§ ASSIGNMENT:
Copy every record below exactly as written, but leave out the pictures.

━━ RECORDS PROVIDED

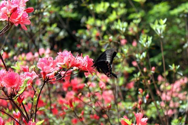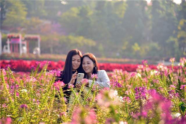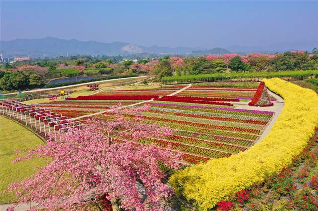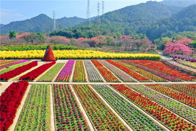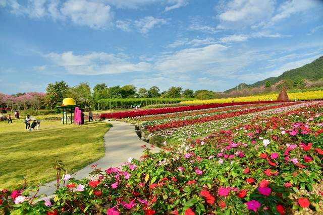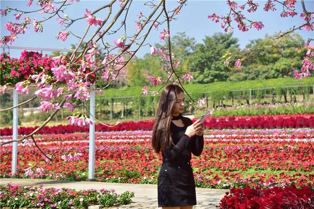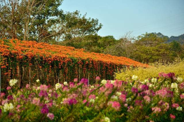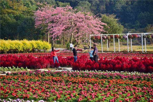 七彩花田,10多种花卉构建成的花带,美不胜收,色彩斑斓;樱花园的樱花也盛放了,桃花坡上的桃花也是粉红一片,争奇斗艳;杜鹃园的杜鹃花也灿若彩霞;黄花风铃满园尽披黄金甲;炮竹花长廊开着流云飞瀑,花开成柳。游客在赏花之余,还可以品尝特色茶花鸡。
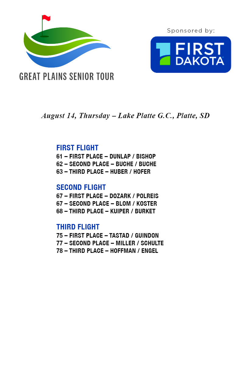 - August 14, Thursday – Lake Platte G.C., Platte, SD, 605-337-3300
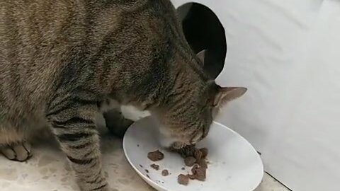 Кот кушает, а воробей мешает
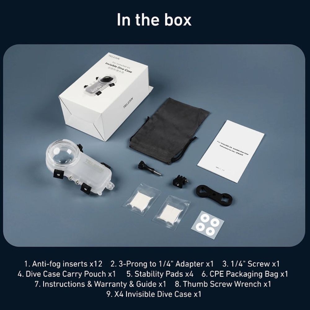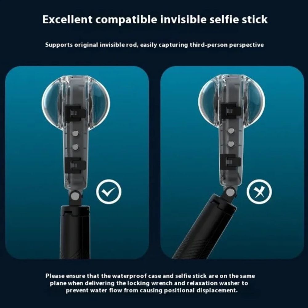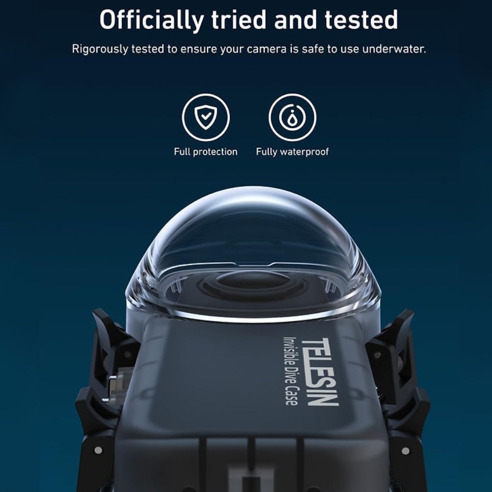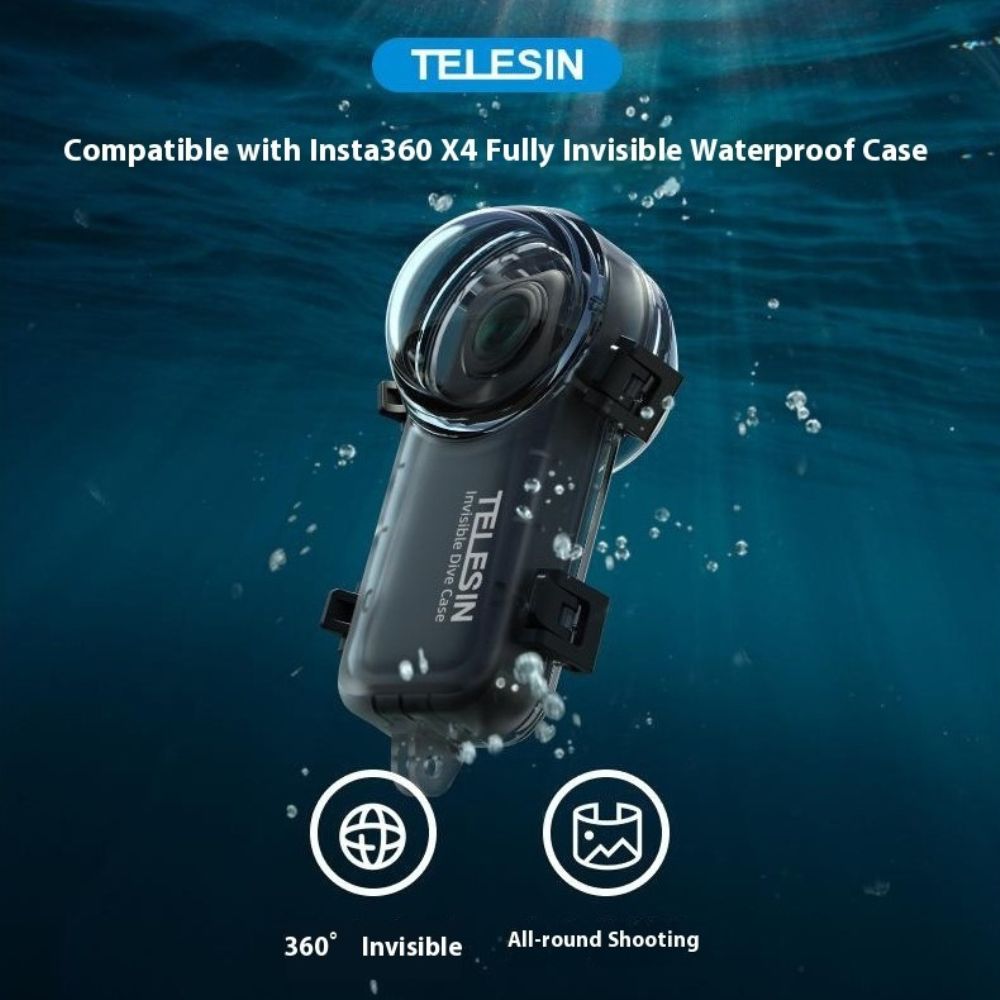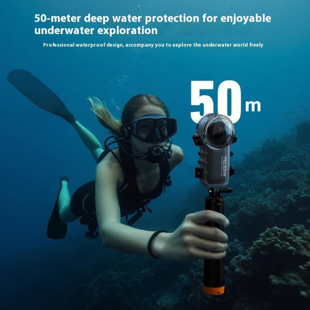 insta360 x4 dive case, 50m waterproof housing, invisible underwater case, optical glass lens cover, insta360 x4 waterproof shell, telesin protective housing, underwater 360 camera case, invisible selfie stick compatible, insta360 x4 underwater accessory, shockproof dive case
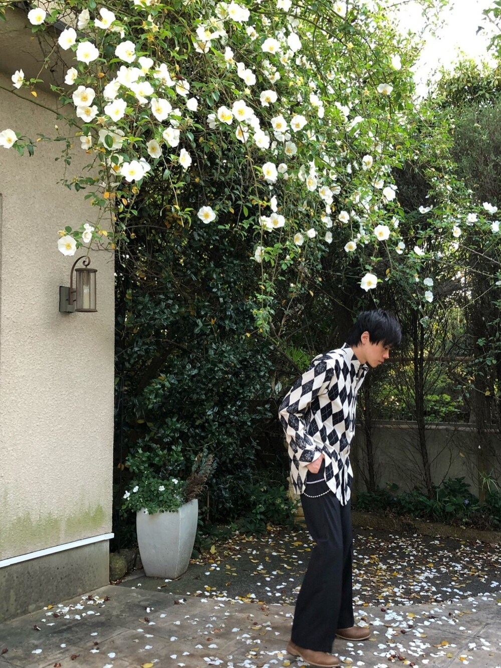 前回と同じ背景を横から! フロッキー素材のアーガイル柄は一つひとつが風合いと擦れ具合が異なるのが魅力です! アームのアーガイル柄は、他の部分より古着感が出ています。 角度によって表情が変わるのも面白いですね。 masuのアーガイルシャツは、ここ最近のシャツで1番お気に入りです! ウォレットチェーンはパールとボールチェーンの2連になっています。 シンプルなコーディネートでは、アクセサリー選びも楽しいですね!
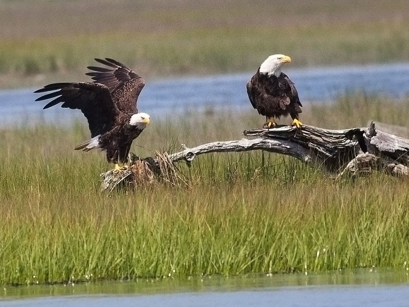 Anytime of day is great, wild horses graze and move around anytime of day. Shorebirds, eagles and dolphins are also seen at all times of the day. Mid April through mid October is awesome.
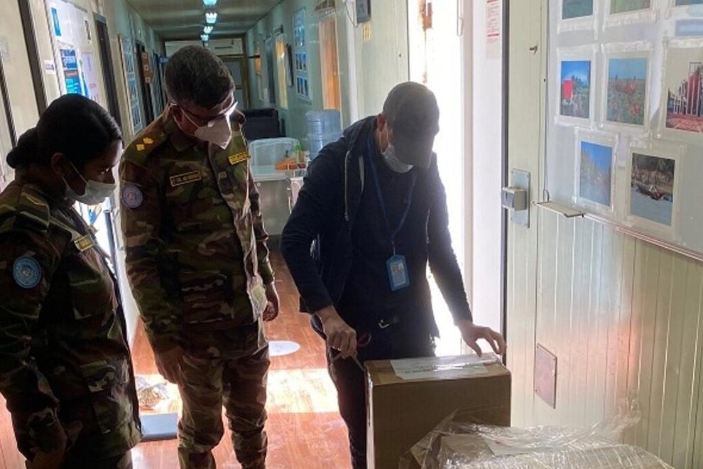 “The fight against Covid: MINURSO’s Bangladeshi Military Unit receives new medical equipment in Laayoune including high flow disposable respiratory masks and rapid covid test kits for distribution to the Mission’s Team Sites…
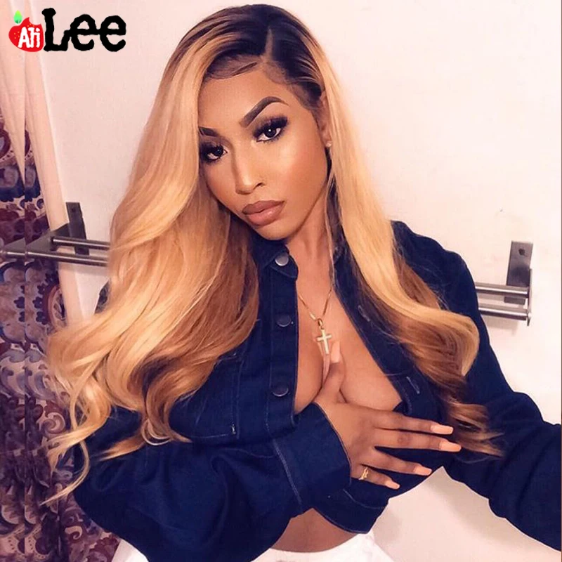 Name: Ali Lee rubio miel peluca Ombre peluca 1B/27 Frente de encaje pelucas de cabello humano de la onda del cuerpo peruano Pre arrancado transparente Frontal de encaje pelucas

━━━━

§ SOLUTION TO THIS TASK:
 七彩花田,10多种花卉构建成的花带,美不胜收,色彩斑斓;樱花园的樱花也盛放了,桃花坡上的桃花也是粉红一片,争奇斗艳;杜鹃园的杜鹃花也灿若彩霞;黄花风铃满园尽披黄金甲;炮竹花长廊开着流云飞瀑,花开成柳。游客在赏花之余,还可以品尝特色茶花鸡。
 - August 14, Thursday – Lake Platte G.C., Platte, SD, 605-337-3300
 Кот кушает, а воробей мешает
 insta360 x4 dive case, 50m waterproof housing, invisible underwater case, optical glass lens cover, insta360 x4 waterproof shell, telesin protective housing, underwater 360 camera case, invisible selfie stick compatible, insta360 x4 underwater accessory, shockproof dive case
 前回と同じ背景を横から! フロッキー素材のアーガイル柄は一つひとつが風合いと擦れ具合が異なるのが魅力です! アームのアーガイル柄は、他の部分より古着感が出ています。 角度によって表情が変わるのも面白いですね。 masuのアーガイルシャツは、ここ最近のシャツで1番お気に入りです! ウォレットチェーンはパールとボールチェーンの2連になっています。 シンプルなコーディネートでは、アクセサリー選びも楽しいですね!
 Anytime of day is great, wild horses graze and move around anytime of day. Shorebirds, eagles and dolphins are also seen at all times of the day. Mid April through mid October is awesome.
 “The fight against Covid: MINURSO’s Bangladeshi Military Unit receives new medical equipment in Laayoune including high flow disposable respiratory masks and rapid covid test kits for distribution to the Mission’s Team Sites…
 Name: Ali Lee rubio miel peluca Ombre peluca 1B/27 Frente de encaje pelucas de cabello humano de la onda del cuerpo peruano Pre arrancado transparente Frontal de encaje pelucas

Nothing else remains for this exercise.